From 2004 to 2014, Audi served as Artistic Director of the Holland Festival, presenting works in music, dance, theater, and visual art by such artists as William Kentridge, John Baldessari, Tacita Dean, and Ryoji Ikeda; directors Peter Sellars, Sam Mendes, and Ivo van Hove; choreographers Mark Morris, William Forsythe, Lemi Ponifasio, Akram Khan, Mikhail Baryshnikov, and Anne Teresa de Keersmaeker; and contemporary composers John Adams, Nico Muhly, and Louis Andriessen. Audi has also worked as a guest director at a number of opera and theater companies, including the Metropolitan Opera in New York, Paris Opera, the Ruhrtriennale, the Salzburg festival, and the Vienna State Opera.

He has received numerous awards for his work, including the Leslie Boosey Award for his contribution to British Musical Life, the Prize of Holland's Theater Critics for his directing of Shakespeare's plays and Monteverdi operas, and The Netherland's state prize for the arts, and the Johannes Vermeer Award. Audi was knighted in the Order of the Dutch Lion in 2000, and was made Chevalier de la Légion d'Honneur in 2006 in France.

The artistic director search was undertaken with support from Arts Consulting Group.

Part palace, part industrial shed, Park Avenue Armory fills a critical void in the cultural ecology of New York by enabling artists to create -- and audiences to experience -- unconventional work that cannot be mounted in traditional performance halls and museums. With its soaring 55,000-square-foot Wade Thompson Drill Hall -- reminiscent of 19th-century European train stations -- and array of exuberant period rooms, the Armory offers a new platform for creativity across all art forms.

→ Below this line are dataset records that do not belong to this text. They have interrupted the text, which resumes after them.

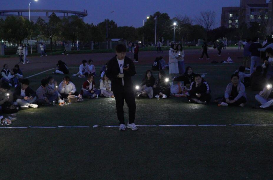 团建时间持续了两个小时,随着散步、夜跑等学生人数的增多,现场环境逐渐嘈杂,没有准备音响一度让活动陷入“困境”。“我有一个小的蓝牙音响当时就拿过来了。”新闻传播学类专业2021(1)班的陈佳慧表示,机缘巧合之下帮助大家解决活动中遇到的困难感觉超有满足感。“六十多部手机手电筒就像闪着光芒的萤火虫一样在空中摇摆,我真的觉得很温暖。”
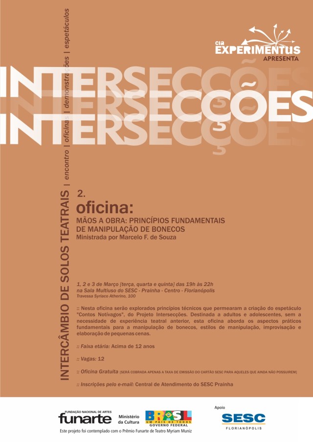 :: O trabalho: Serão explorados nesta oficinas princípios técnicos que permearam a criação do espetáculo “Contos Notívagos”, do Projeto Intersecções. Destinada a adultos e adolescentes, sem a necessidade de experiência teatral anterior, esta oficina aborda os aspectos práticos fundamentais para a manipulação de bonecos, estilos de manipulação, improvisação e elaboração de pequenas cenas.]
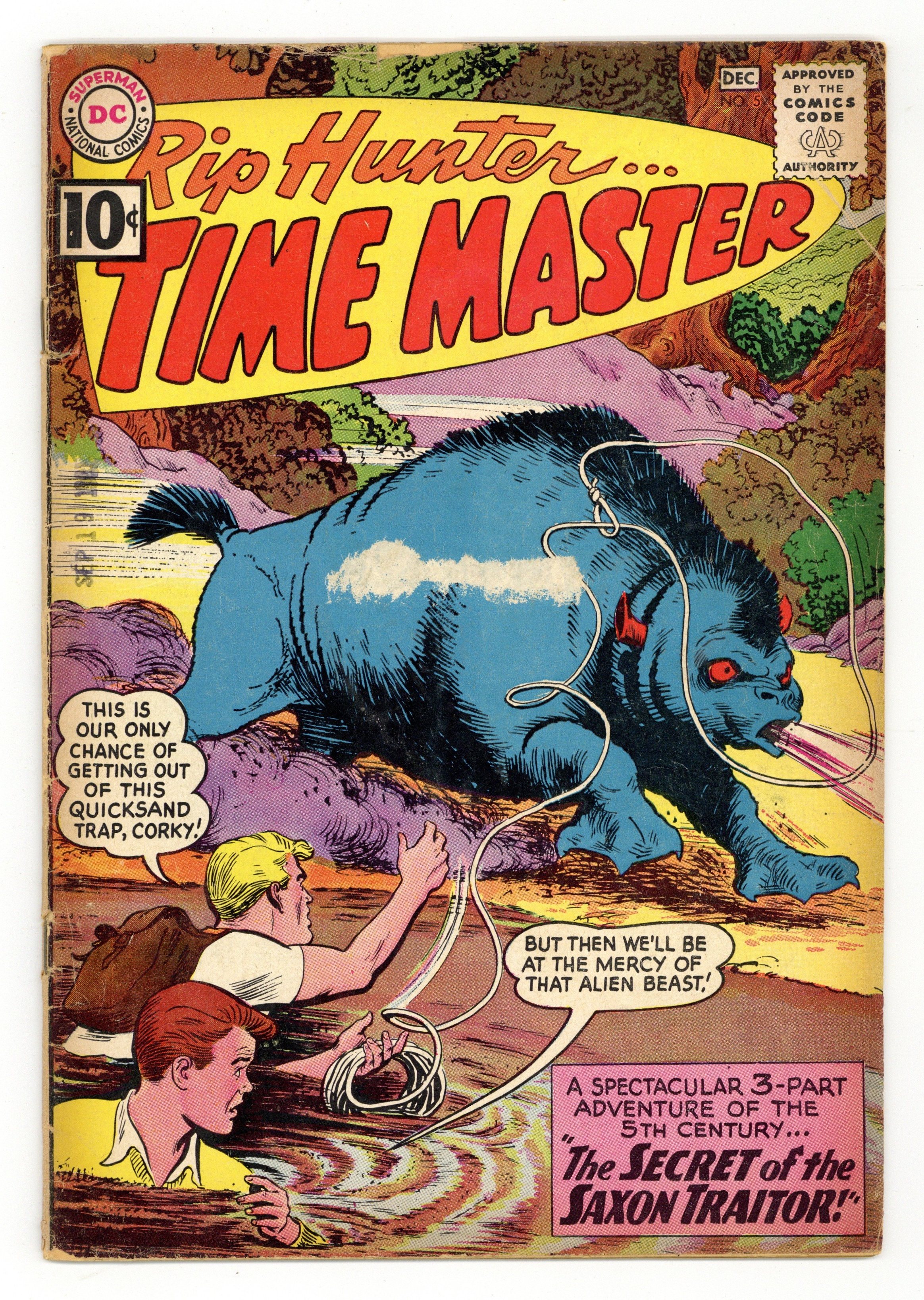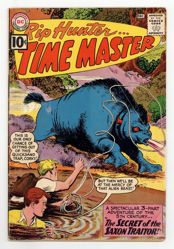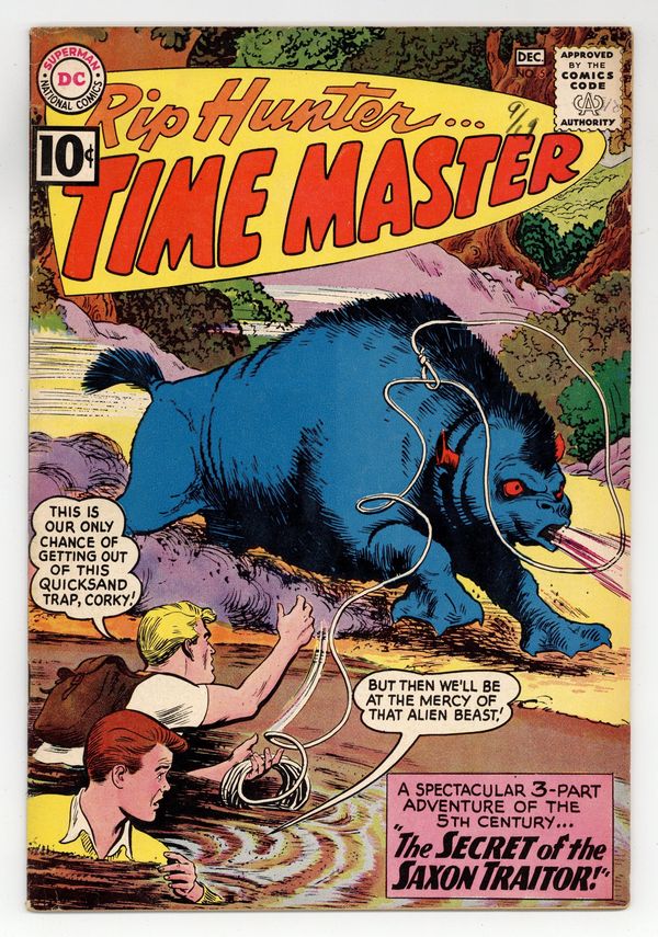 Last 10c cover-priced issue. Written by Jack Miller. Art and Cover by Nick Cardy. Rip and Corky have only one chance of getting out of the quicksand trap! But then they'll be at the mercy of an alien beast! Don't miss Rip Hunter in the spectacular 3-part adventure of the 5th century by Jack Miller and Nick Cardy: "The Secret of the Saxon Traitor"; "Chapter 2: The Creatures of Doom Valley"; and "Chapter 3: The Ancients vs. the Aliens"! Plus: 1-page text piece "The Hoax That Won a War!" 32 pages, full color. Cover price $0.10.
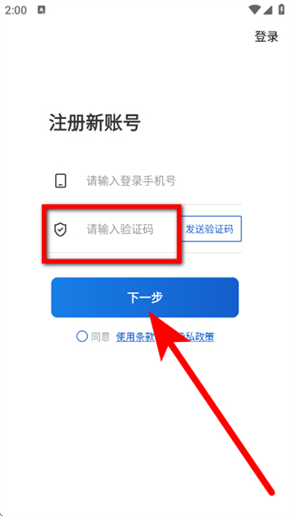 4、输入验证码,勾选协议后,点击下一步,完成账号注册。
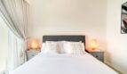 Treat yourself to the lap of luxury in the master suite, where you’ll find a king-size bed adorned with bedside tables and soft, ambient lighting courtesy of elegant lamps. The fully adorned windows not only grant access to a private city view but also allow the natural daylight to flood the room. You won’t have to worry about storage either, as fitted wardrobes stand ready to house all your holiday necessities.
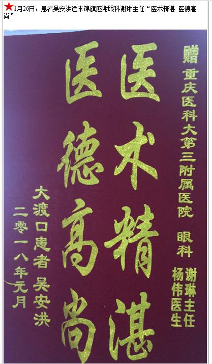 患者吴安洪送来锦旗感谢眼科谢琳主任-锦旗-患者心声-患者服务-重庆医科大学附属第三医院【官方网站】
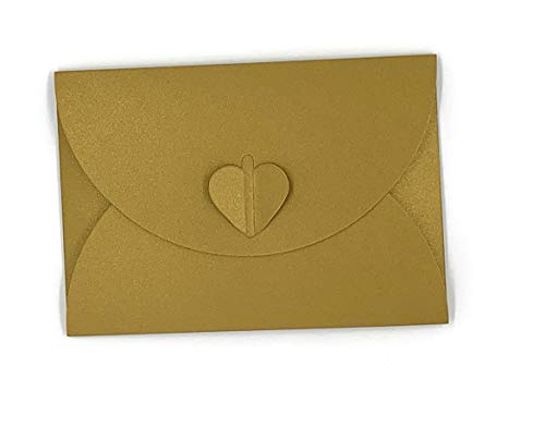 20 buste in cartoncino perlato con cuore, C6 = 162 x 114 mm, ideali ad esempio per inviti di matrimonio, per fidanzamento, come lettera d'amore 162 x 144 mm gold
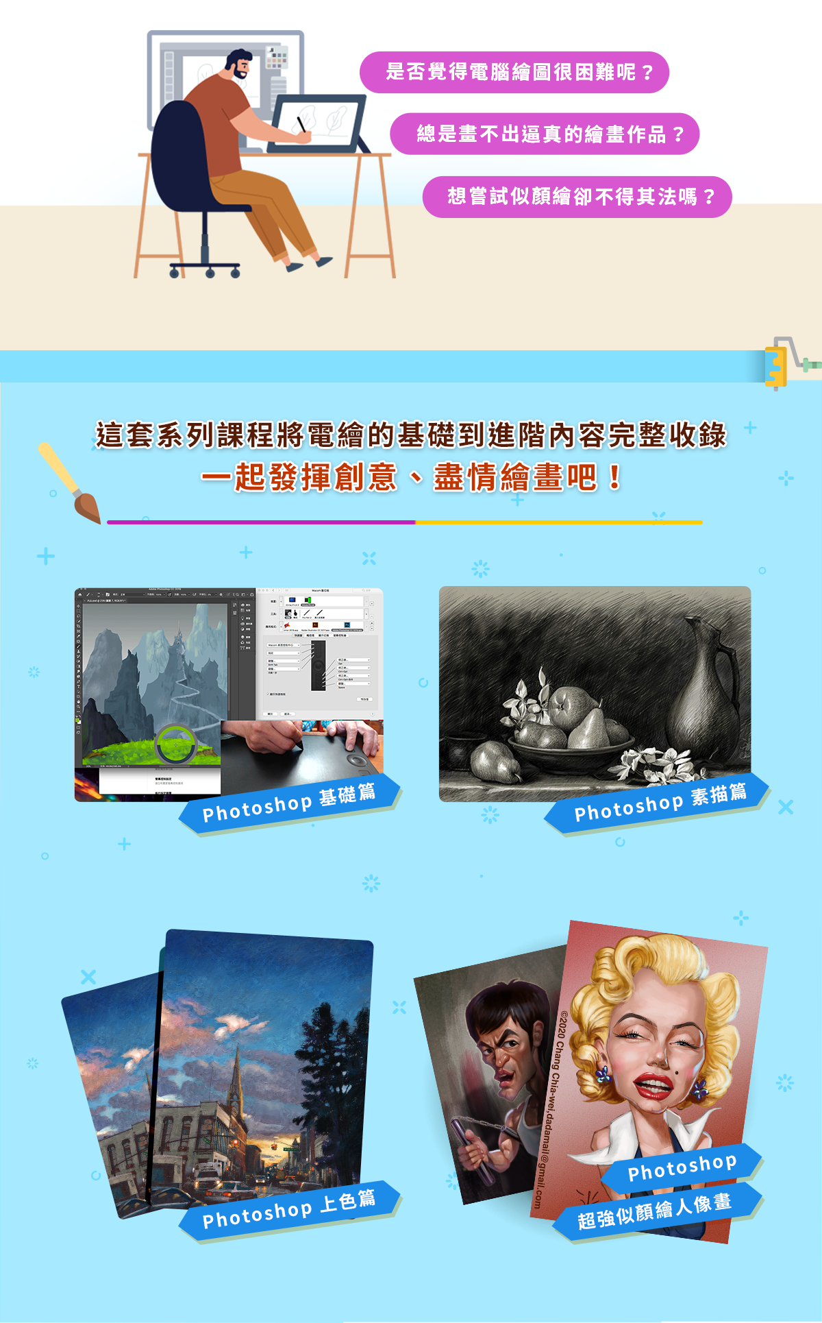一連串的系列課程,輕鬆增進電繪功力
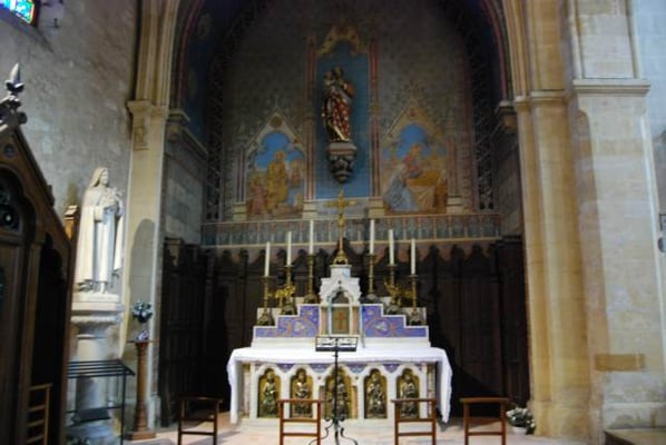 Le maître-autel est consacré à Marie-Immaculée. Il possède dans une boîte de plomb scellée, les reliques des trois Saint martyrs : Placide, Vincent et Modeste.
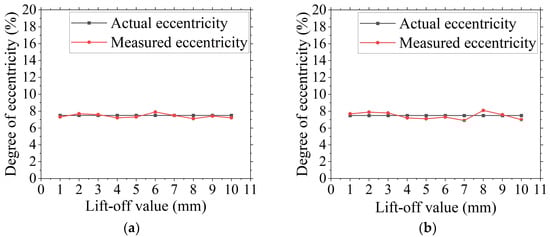 As show in Figure 5a and Table 2, the detected eccentricity at the detection position with a lift-off value H = 1 mm, using the actual measured eccentricity as the benchmark, varies between 0 and 0.3% above and below the standard line across ten experiments. The error ranges from 0 to 4%, and the numerical variation standard deviation is 0.11. Figure 5b illustrates that in the ten experiments conducted at the detection position with a lift-off value H = 2 mm, the detected cable eccentricity varies between 0.2% and 0.5% above and below the standard line. The error ranges from 2.7% to 6.7%, and the numerical variation standard deviation is 0.09.
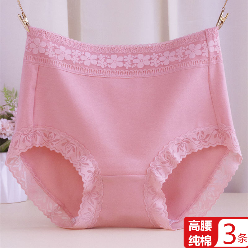 3条中高腰大码内裤女胖mm200斤蕾丝性感无痕超薄网纱透明收腹提臀
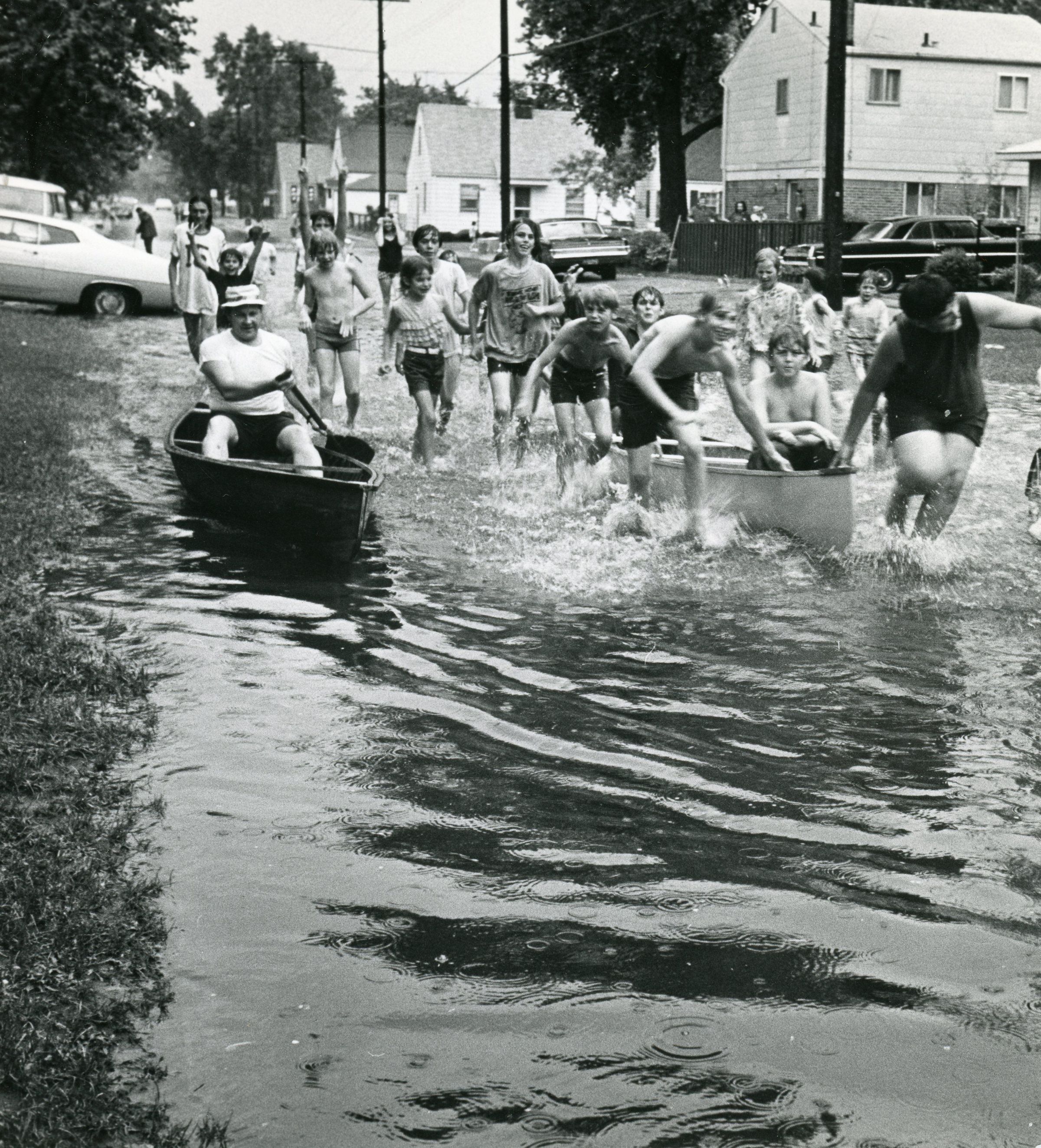 Winslow Street flood June 21, 1972. Eagle Photo. Mr. Bill Kline in boat
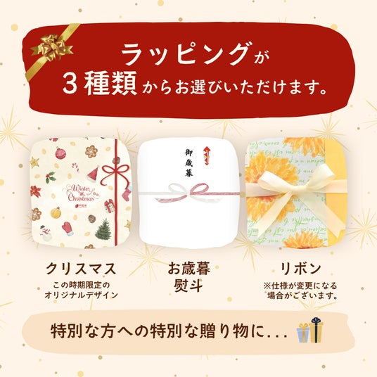 どちらの商品もギフトBOXに通常リボンラッピングまたは、クリスマス熨斗、お歳暮熨斗をお選びいただきお届けいたします。
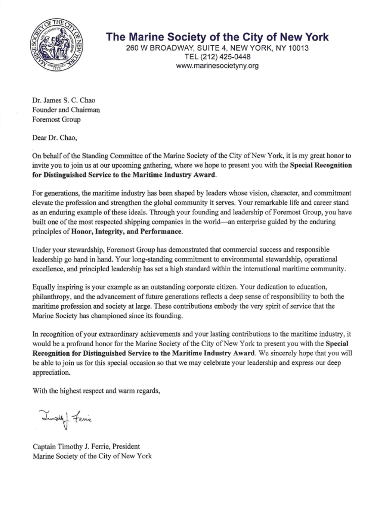Capt. Tim Ferrie, President of the Society, said: “Dr. James S. C. Chao’s distinguished career truly reflects the enduring mission of the Marine Society of the City of New York. For more than sixty years, Dr. Chao has led Foremost Group with the values of honor, integrity, and performance. Like the Marine Society itself, Dr. Chao has long championed the safety, welfare, and education of seafarers. It is our great honor to welcome Dr. James S. C. Chao as an honorary member of the Marine Society of the City of New York.”
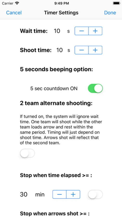 The Archery Fit app provides a specialized archery timer clock for interval training drills meant for amateur, intermediate and elite archers. You can choose different waiting time and shooting time to fit your own personalized drill. The app also supports alternate 2 person/group training and allows automatic stop of the timer when the user's targeted arrows or practice time is achieved. Features such as sound control, display of number of arrows shot and total elapsed time are also included. For normal competition timings, please check out the Archery Clock app instead. For iPhone and iPad.

Since its first production in September 2007 -- Aaron Young's Greeting Card, a 9,216-square-foot "action" painting created by the burned-out tire marks of ten choreographed motorcycles -- the Armory has organized a series of immersive performances, installations, and works of art that have drawn critical and popular attention. Among the highlights of its first eight years are: Bernd Alois Zimmermann's harrowing Die Soldaten, in which the audience moved "through the music;" the unprecedented six-week residency of the Royal Shakespeare Company in their own theater rebuilt in the drill hall; a sprawling gauzy, multisensory labyrinth created by Ernesto Neto; the event of a thread, a site-specific installation by Ann Hamilton; the final performances of the Merce Cunningham Dance Company across three separate stages; the New York Philharmonic performing Karlheinz Stockhausen's sonic masterpiece Gruppen with three orchestras surrounding the audience; WS by Paul McCarthy, a monumental installation of fantasy, excess, and dystopia; a sonic environment that blurred the boundaries between artist and audience created by the xx; an immersive Macbeth set in a Scottish heath and henge by Rob Ashford and Kenneth Branagh; and tears become...streams become..., a major genre-defying collaboration between artist Douglas Gordon and pianist Hélène Grimaud, which flooded the Armory's drill hall.

Concurrent with the development of its artistic program, the Armory has undertaken an ongoing $200-million revitalization of its historic building, designed by architects Herzog & de Meuron.